As a female CEO, do you feel differences between you and your male colleagues, or that there are situations where you might not be taken as seriously?

I don’t, but I think it’s because I am so dominant, so visible and because this is what I do and every single one of those guys needs me, and they know it. So they respect and appreciate me for what I have created.

I will say there are a remarkable number of men in this industry who are tuned into the fact that women think, behave, and approach strategy differently, and in ways that make a lot of sense for the cannabis industry.

What would you say to aspiring female entrepreneurs about how to keep each other safe in the business world, how to empower themselves and other women?

Over the last 8-12 months, I feel the emergence of a Good Ol’ Girls’ network, not to rival the Good Ol’ Boys’ network, but I very much sense that I have tapped into a network of other female entrepreneurs and executives in companies, not just in cannabis, but in my tradeshow world and among my MBA classmates and their world. I feel like there’s this really healthy network of females that are helping move conversations, get things done, and all that. And the more that that happens, the men in many of these companies are going to have to have really strong and respected relationships with women because they are otherwise going to miss out on deal flow that’s coming through that network, on great hiring ideas, on business strategies or what the future of the industry looks like. They’re going to miss out on those things if they don’t have a tap into that network.

Where do you see Big Pharma playing a role [in cannabis]? It’s that big silently approaching ghost.
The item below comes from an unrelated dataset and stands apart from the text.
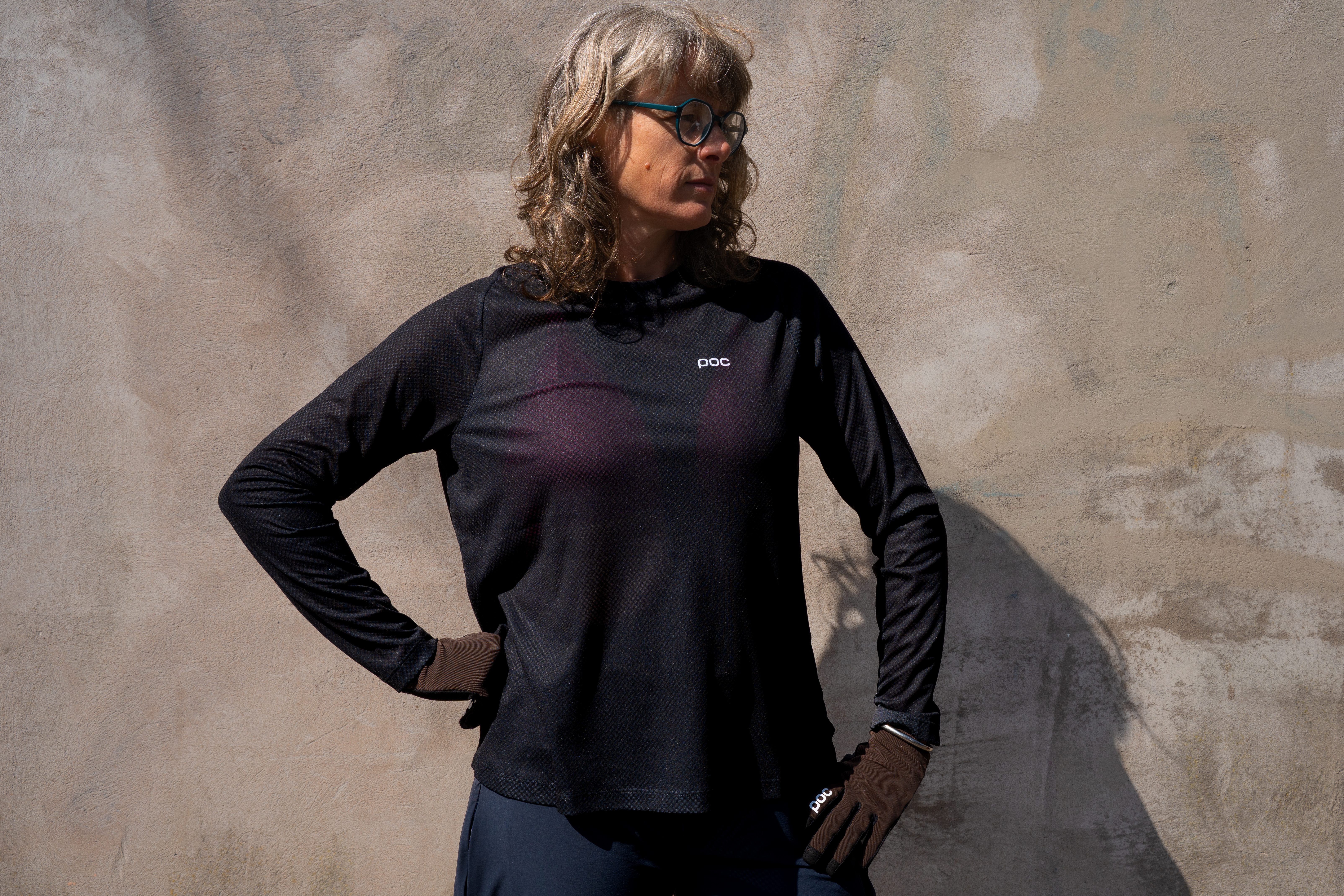 These have thin palms for maximum grip sensation, and fairly robust but breathable uppers. Having had a pair of quite similar but now discontinued POC Index Air gloves since 2016 (her oldest surviving pair), she has high hopes for these.

I think that it’s happening. It’s not just Big Pharma. It’s Big Alcohol, Big Tobacco – all of those and more. The big money is looking at this space and they have very longstanding interests about protecting their companies and their shareholders and they are not going to pull punches about that. How do we combat that? Through effective lobbying. Through really great relationships with our customers. Through continued public relations about cannabis and helping the general public understand what cannabis is and what it is not. Being honest about what it can and can’t do, or at least what we know it can and can’t do. Those sorts of things. I think it’s continuing to build that grassroots support to help people understand that this is a plant. It’s not a chemical, it’s not created in a lab. It’s a plant! It’s like your tomato. Okay, it’s more like your oregano, maybe.

How do you want to see MJ Biz grow?

We came at this honestly and told people what we were doing and stuck to our guns, and therefore have garnered the trust of this entire community that we are the unbiased, trusted resource and we’re going to tell it straight. From here we’re going to follow the industry, just like we always have. We started this convention five years ago because people said that they needed that platform. Maybe ten years from now, they need connections to many other industries and that’s what we’re providing. Maybe ten years from now, it’s a federally regulated product like pharma and the business needs become very different. We’ll continue to follow what the business needs are.